Hospitalists key in organizing mass-emergency critical care
Emergency Management Alert, February 23, 2006
Reorganizing hospital function for
mass-emergency critical care
"Hospitalists need to bring their perspective to disaster planning...[It's] a perspective the rest of the hospital doesn't have."
So says Lewis Rubinson, MD, PhD, county health officer for the Deschutes County Health Department in Bend, OR, and an intensivist at Bend Memorial Clinic. Rubinson recently spoke to the editors of the HCPro newsletter, Hospitalist Program Management Guide (HPMG). The newsletter's focus is to help hospital financial administration manage information and measure hospital programs' quality and effectiveness.
As epidemiologists and health officials worldwide are carefully tracking flu cases to head off a potential deadly avian flu pandemic, the nation's hospitals must be prepared to modify the critical-care services they routinely provide in favor of offering "mass critical care" to the greatest possible number of patients, says Rubinson.
As a result, hospitalists-through their 24/7 presence in hospitals and their intimate knowledge about patient flow issues-could play a significant role in treating mass volumes of patients. At many facilities, hospitalists have not been included in epidemic or disaster preparedness planning for two primary reasons, according to Rubinson: Their specialty is new and inpatient populations are rarely the focus of disaster planning.
Historically, physicians and medical staff leaders from emergency medicine, mental health, radiology, and surgery departments have been the most active in planning for such events, he says.
Rubinson is one of 33 experts who comprise the Working Group on Emergency Mass Critical Care, which was organized by the Center for Biosecurity at the University of Pittsburgh Medical Center and the Society of Critical Care Medicine (SCCM), to give recommendations to hospital and clinical leaders on critical care services during bioterrorist attacks, epidemics, and other disasters.
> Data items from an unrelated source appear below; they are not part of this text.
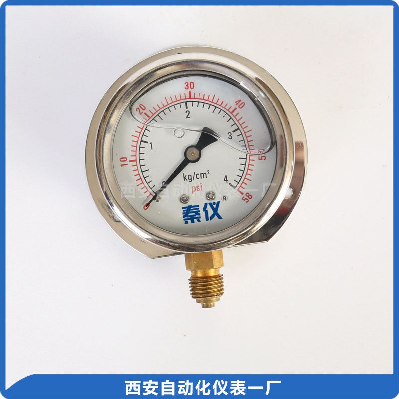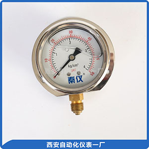 不锈钢耐震压力表的外壳用不锈钢材料制成(简称半钢),可在有腐蚀性、 振动较大的恶劣环境中使用。
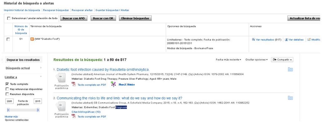 Si buscamos documentos con texto completo sobre tratamiento de úlceras de pie diabético "diabetic foot ulcer" publicados entre 2006 y 2016 y que sea una búsqueda equilibrada entre específica y sensible.
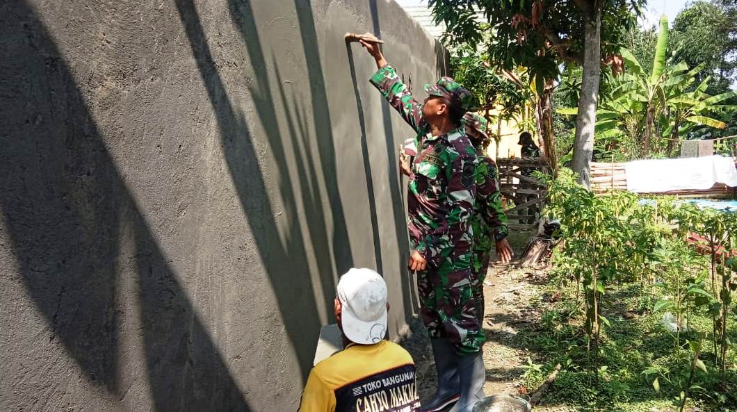 Saat merehab rumah Manis, di Dukuh Pepedan, RT 02/RW 07, Prada Susanto belajar dengan praktek langsung bagaimana memplester tembok sekaligus mengacinya. ”Sungguh kesempatan yang langka bisa mendapatkan guru tukang batu dan gratis. bahkan tidak hanya itu, saat belajar langsung praktek langsung di lapangan,” terang Prada Susanto. (rus)
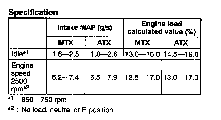 NOTE: The scan tool shows the MAF rate and load value.

The group published its recommendations in the October 2005 issue of the SCCM's journal Critical Care Medicine. "Critical care surge capacity is the 'big white elephant' no one was talking about," Rubinson says.
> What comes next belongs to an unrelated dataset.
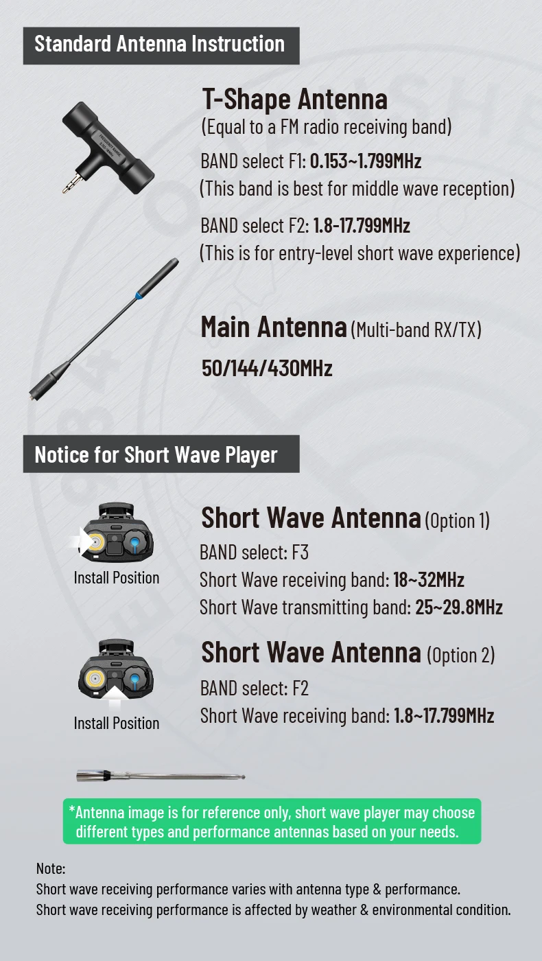 High-Gain Antenna (50/144/430MHz) + T-Shape Antenna (0.153–18MHz)
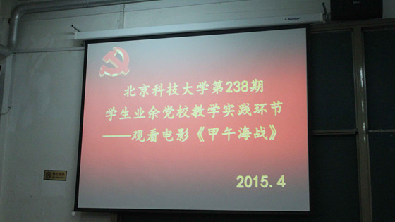 在冶金楼110教室举行北京科技大学第238期学生业余党校教学实践环节。为了纪念抗战75周年,培养大家的爱国精神,党校组织观看电影――《甲午海战》。

Mark Ackermann, chief administrative officer at St. Vincent's Catholic Medical Center in New York, NY, and another member of the Working Group, agrees that the topic is one that has not been given adequate attention. He says that Americans must understand that in a pandemic-or in any disaster requiring mass critical care-patients will be prioritized based on age or severity of injury. "If they are beyond help, we will not be able to expend precious resources on treating these patients, other than making them comfortable." He adds that Israelis, for example, who are accustomed to living under the constant threat of terror and the resulting mass casualties, understand this, but that most Americans don't.